### Source material
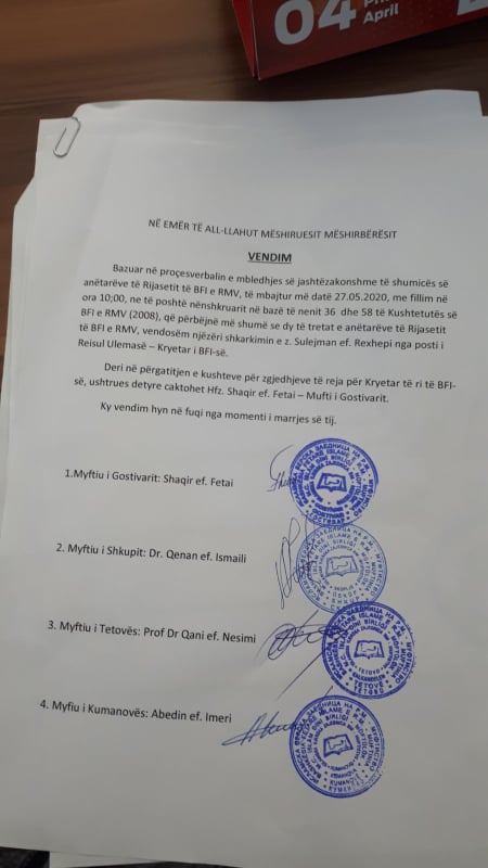 Ky vendim hyn në fuqi sot, gjegjësisht është nënshkruar nga vetë Fetau, myftiu i Shkupit, Qenan Ismaili, myftiu i Tetovës, Qani Nesimi, pastaj myftiu i Kumanovës, Abedin Imeri, myftiu i Strugës, Salim Sulejmani, dhe pothuajse të gjithë myftinjtë e tjerë. Në të njëjtën kohë, ky vendim u nënshkrua nga Mustafa Dauti, kryetar i Organizatës humanitare që vepron brenda BFI-së, “Hilall”, profesor Shaban Sulejmani, dekan në Fakultetin e Shkencave Islame, Drejtori për Diasporë, Selver Xhemaili, anëtari i Rijasetit, Fadil Ramadani dhe të tjerë.
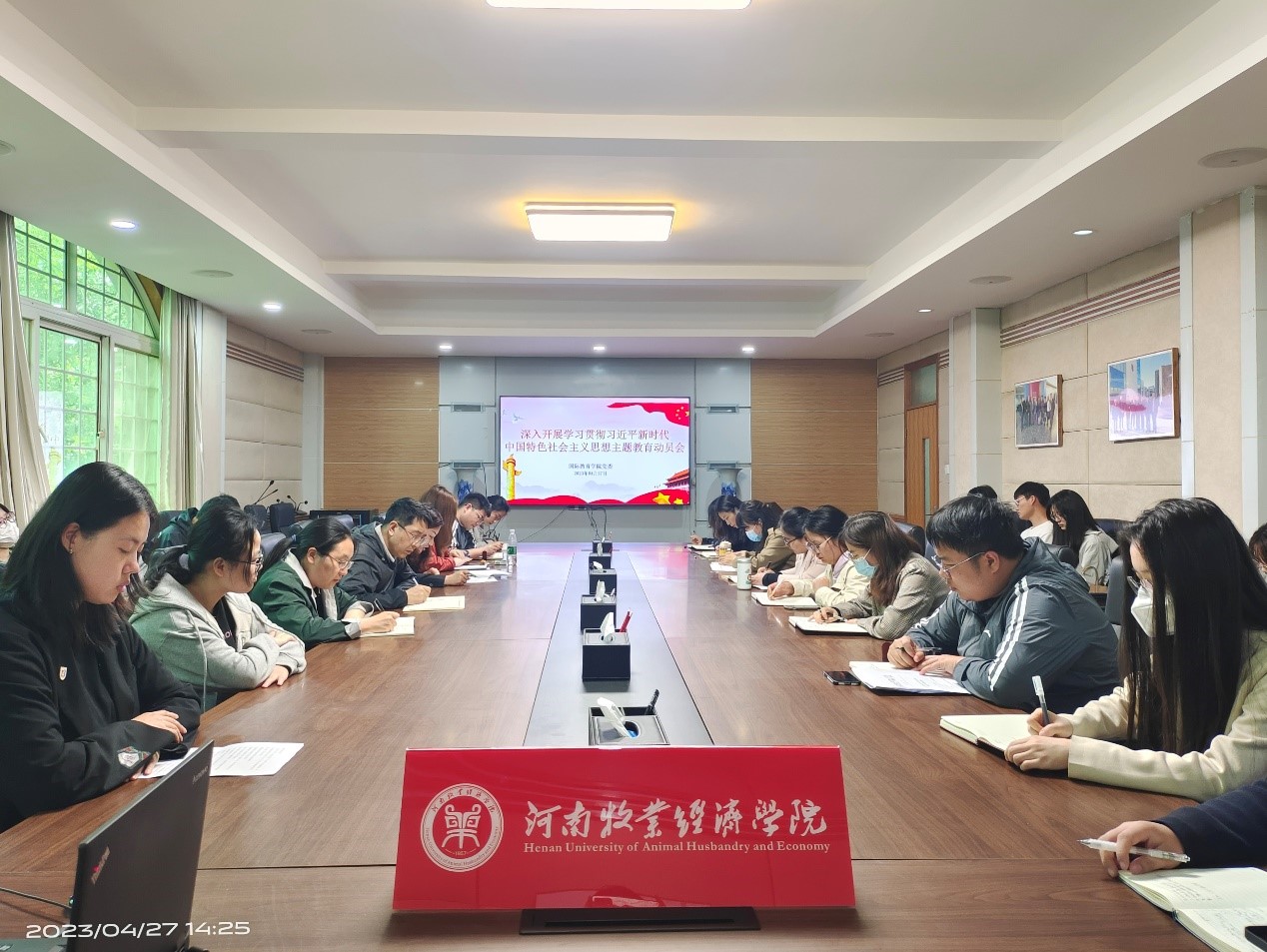 4月27日下午,beat365中文官方网站在教学办公楼113会议室召开深入开展学习贯彻习近平新时代中国特色社会主义思想主题教育动员会。院党委书记贾江主持会议并作动员讲话。全体教工党员、部分学生党员代表参加会议。
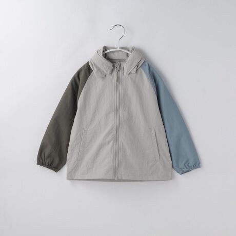 配色がかわいいフード付きシャカシャカブルゾンは、普段はスタンドカラーとしてシンプルに着用でき、必要に応じてフードを取り出してかぶることも可能な多機能デザインです。
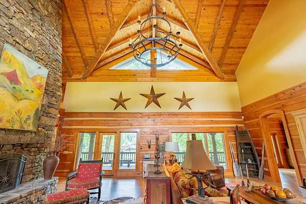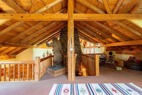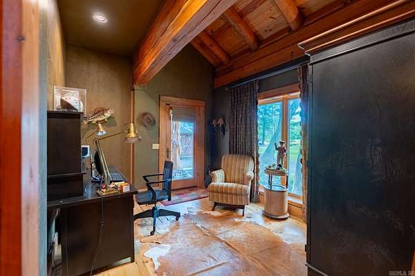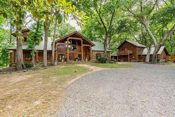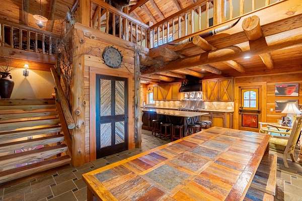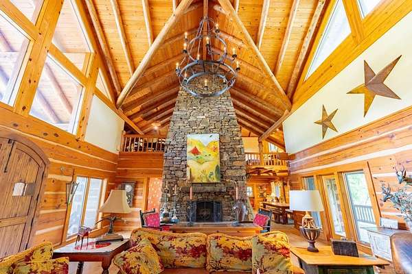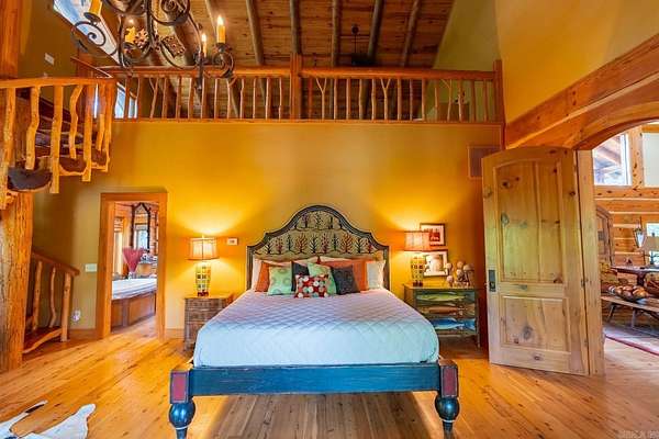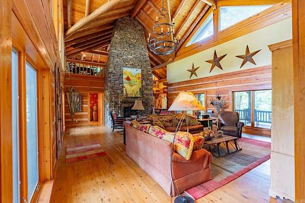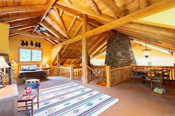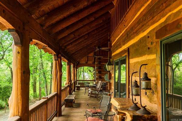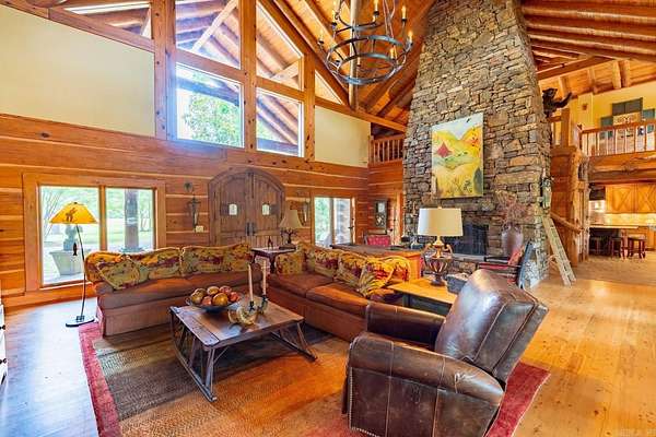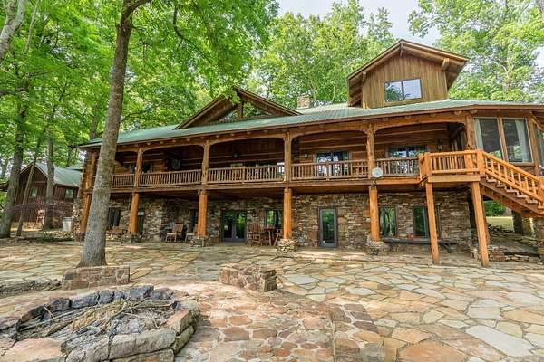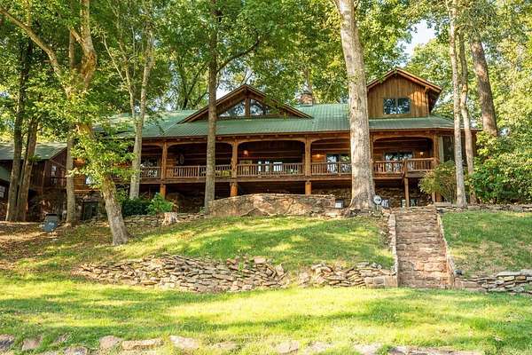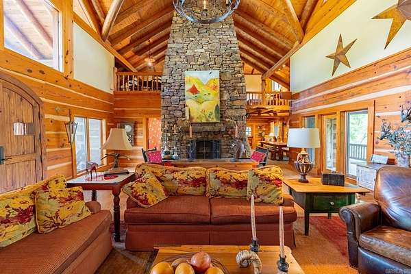 Spectacular Little Red River home on 2 river lots! This 5-bedroom 3.5 bath home has options for more bedrooms if needed! Made from very high-end log construction, this home includes a massive main living area with 2-story ceilings, a large dry-stack stone fireplace, exposed logs and beams, wood floors, multiple balcony and living areas, luxurious kitchen with granite tops, tile floors, 8-burner Viking cook-top, spacious breakfast bar, cozy office, incredible master suite with private loft, large boat dock with huge fishing platform, firepit, basement-area kitchenette, downstairs fireplace, wine room, garage storage, covered parking with apartment above, massive covered deck overlooking the river, easy walk to the dock, metal roof, stone patios and much, much more! A lovely, well-cared-for home!

### Exercise brief
The task requires the full listing to be given again verbatim, without its pictures.

### Solved problem
 Ky vendim hyn në fuqi sot, gjegjësisht është nënshkruar nga vetë Fetau, myftiu i Shkupit, Qenan Ismaili, myftiu i Tetovës, Qani Nesimi, pastaj myftiu i Kumanovës, Abedin Imeri, myftiu i Strugës, Salim Sulejmani, dhe pothuajse të gjithë myftinjtë e tjerë. Në të njëjtën kohë, ky vendim u nënshkrua nga Mustafa Dauti, kryetar i Organizatës humanitare që vepron brenda BFI-së, “Hilall”, profesor Shaban Sulejmani, dekan në Fakultetin e Shkencave Islame, Drejtori për Diasporë, Selver Xhemaili, anëtari i Rijasetit, Fadil Ramadani dhe të tjerë.
 4月27日下午,beat365中文官方网站在教学办公楼113会议室召开深入开展学习贯彻习近平新时代中国特色社会主义思想主题教育动员会。院党委书记贾江主持会议并作动员讲话。全体教工党员、部分学生党员代表参加会议。
 配色がかわいいフード付きシャカシャカブルゾンは、普段はスタンドカラーとしてシンプルに着用でき、必要に応じてフードを取り出してかぶることも可能な多機能デザインです。
 Spectacular Little Red River home on 2 river lots! This 5-bedroom 3.5 bath home has options for more bedrooms if needed! Made from very high-end log construction, this home includes a massive main living area with 2-story ceilings, a large dry-stack stone fireplace, exposed logs and beams, wood floors, multiple balcony and living areas, luxurious kitchen with granite tops, tile floors, 8-burner Viking cook-top, spacious breakfast bar, cozy office, incredible master suite with private loft, large boat dock with huge fishing platform, firepit, basement-area kitchenette, downstairs fireplace, wine room, garage storage, covered parking with apartment above, massive covered deck overlooking the river, easy walk to the dock, metal roof, stone patios and much, much more! A lovely, well-cared-for home!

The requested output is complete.